“Saved the Best for Last,” when Vanessa Williams sings “sometimes the sun goes 'round the moon.”
And Coldplay’s “Speed of Sound,” which says, “birds go flying at the speed of sound,” and also mentions that “planets are moving at the speed of light.”
Scientific accuracy? From songs? What’re you on?
“Fly me to the moon, let me play among the stars…”
"Would you like to swing on a star?’
“Came the dawn
She was gone
18 billion miles away…” (“Eight Foot Two” by Allan Sherman)
And Zager and Evans’ “In the Year 2525” gets special mention for being bad science, bad science fiction, and a loathsome song
That said, I think Christine Lavin does something or other that’s accurate with Sedna.
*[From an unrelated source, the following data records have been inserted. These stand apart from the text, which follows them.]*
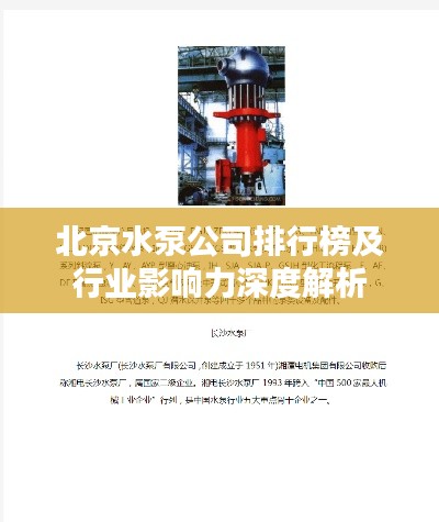 北京作为中国的首都,其工业领域涵盖了众多高端技术产业,其中水泵行业亦占据重要地位,众多优秀的北京水泵公司凭借卓越的产品质量、创新的技术实力以及良好的服务赢得了广大用户的信赖,本文将探讨北京水泵公司的排名及其行业影响力。
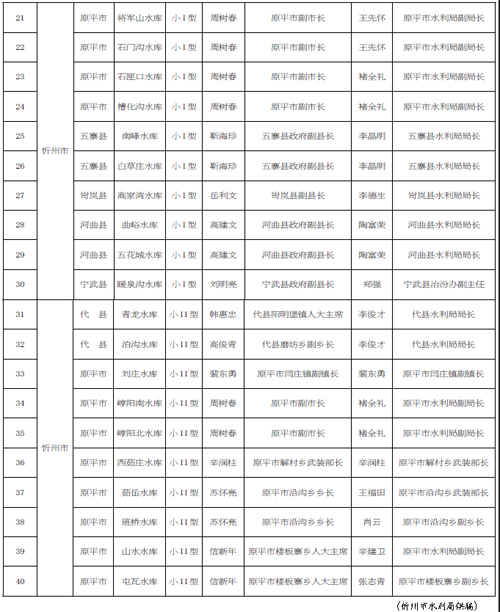 2016 年忻州市小型水庫大壩安全責(zé)任人
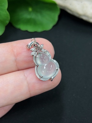 F40693169 Jadeite Gourd Pendant with 18K Gold Total Weight Approx. 2.2g (Set with Diamonds)

You can order a booklet on Sedna that she put together from her website!
Well a sort of scientific-historical example… that Sinatra song with the lyrics ‘They all laughed at Christopher Columbus, when he said the world was round’. No they bloody didn’t.
“We have just discovered an important note from space. The Martians want to throw a dance for all the human race.”
No reliable researcher will admit to reception of any such transmission, and there is significant doubt as to even the existence of a creature on that planet capable of hosting such an event.
And they don’t even have trees on Mars. No trees, no paper. No paper, no streamers. No streamers, let’s face it: No party. Reports indicate there would similar obstacles to procuring punch.
And the later verse implying that Marconi invented radio (“They told Marconi, wireless was a phony”) ignores the fact that he didn’t – Tesla did.
Although, since Marconi’s patent stood until 1943, George and Ira may have been at least legally correct when they wrote “They All Laughed” (I’m not sure what year it was).